Means for receiving the broadcasted application on a second multiprocessor;
Means for distributing tasks in the application in a second multiprocessor;
Means for examining in the second multiprocessor an attribute designating memory required to execute the task and determining whether the task should be executed on the second multiprocessor;
The data processing system according to claim 22, further comprising:

The second multiprocessor comprises means for communicating to the first multiprocessor whether or not the second multiprocessor is performing a task. The data processing system described in 1.

The data processing system according to claim 18, wherein the attribute specifies a memory size necessary for execution of a task.

The data processing system according to claim 18, wherein the application specifies the plurality of tasks by holding the plurality of tasks.

19. The data processing system according to claim 18, wherein the application designates the plurality of tasks by pointer information indicating a location where the task is located.

A second multiprocessor connected to the network;
Means for receiving the broadcasted application on a second multiprocessor;
Means for distributing tasks in the application;
Means for examining in the second multiprocessor an attribute that specifies a requirement for executing the task and determining whether the task should be executed on the second multiprocessor;
The data processing system according to claim 18, further comprising:

The second multiprocessor includes a distance from the application to at least one of the preceding multiprocessor that broadcasts the application or the multiprocessor that first broadcast the application, and a deadline for ending each of the plurality of tasks. The data processing system according to claim 30, further comprising means for determining whether the task should be executed by the second multiprocessor.
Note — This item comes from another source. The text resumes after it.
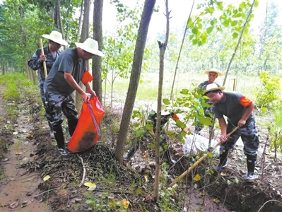 “這個插上紅旗做標(biāo)志的地方是地質(zhì)鉆口,雖已封口,但每次巡堤一定要來檢查,看周圍是否有異?!边@是朱天志給新上堤的“90后”防汛突擊隊員唐文講巡堤技巧和相關(guān)要領(lǐng)。
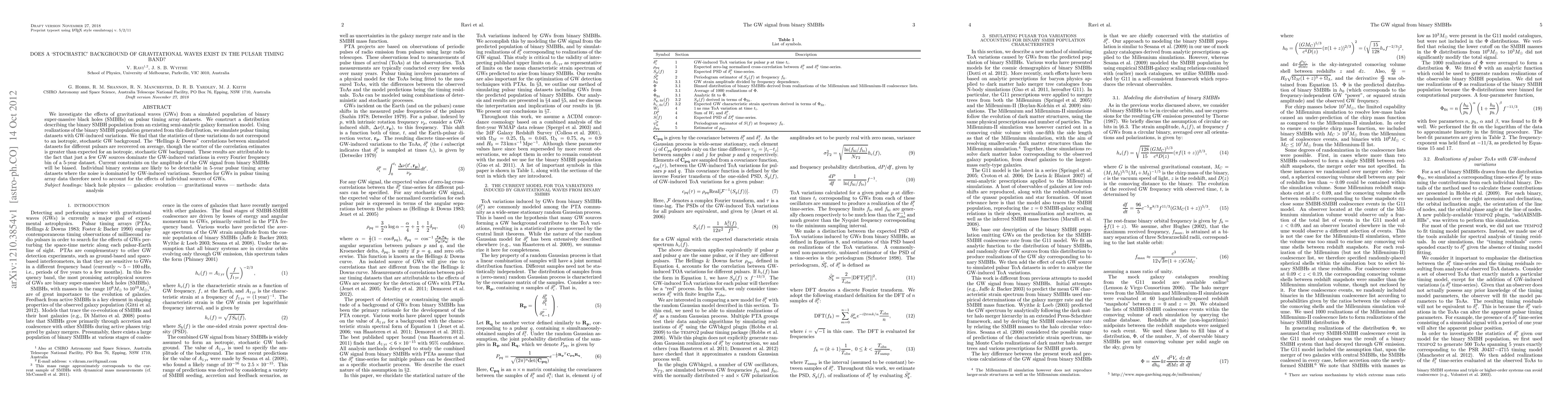 We investigate the effects of gravitational waves (GWs) from a simulated population of binary super-massive black holes (SMBHs) on pulsar timing array datasets. We construct a distribution describing the binary SMBH population from an existing semi-analytic galaxy formation model. Using realizations of the binary SMBH population generated from this distribution, we simulate pulsar timing datasets with GW-induced variations. We find that the statistics of these variations do not correspond to an isotropic, stochastic GW background. The "Hellings & Downs" correlations between simulated datasets for different pulsars are recovered on average, though the scatter of the correlation estimates is greater than expected for an isotropic, stochastic GW background. These results are attributable to the fact that just a few GW sources dominate the GW-induced variations in every Fourier frequency bin of a 5-year dataset. Current constraints on the amplitude of the GW signal from binary SMBHs will be biased. Individual binary systems are likely to be detectable in 5-year pulsar timing array datasets where the noise is dominated by GW-induced variations. Searches for GWs in pulsar timing array data therefore need to account for the effects of individual sources of GWs.

32. The data processing system of claim 31, wherein the second multiprocessor further comprises means for communicating to the first multiprocessor whether the second multiprocessor is performing a task.

Means for receiving the broadcasted application on multiple other multiprocessors;
Means for distributing tasks in the application with each of a plurality of other multiprocessors;
Means for examining in each of a plurality of other multiprocessors an attribute that specifies a requirement for performing the task and determining whether the task should be performed;
The data processing system according to claim 31, further comprising:

Each of the other multiprocessors terminates each of the tasks and the distance of the application from at least one of the previous multiprocessor that broadcast the application or the multiprocessor that first broadcast the application. 34. The data processing system according to claim 33, further comprising means for determining whether or not the task should be executed by checking the deadline.

34. The data processing system of claim 33, wherein the plurality of other multiprocessors comprise means for communicating to the first multiprocessor whether the task is being executed.

31. The data processing system of claim 30, wherein the second multiprocessor further comprises means for communicating to the first multiprocessor whether or not the second multiprocessor is performing a task.

A data processing device for moving a task,
A multiprocessor connectable to a network, the multiprocessor programmed to determine whether to perform a task by the multiprocessor or to move to at least one multiprocessor connected to the network;
When said multiprocessor determines that the task should be moved to at least one multiprocessor, it instructs to broadcast the application from said multiprocessor over the network;
The application specifies a plurality of tasks and one attribute, and the attribute is a distance of the application from at least one of the preceding multiprocessor that broadcast the application, or the multiprocessor that initially broadcast the application, and A data processing device representing a deadline for ending each of a plurality of tasks.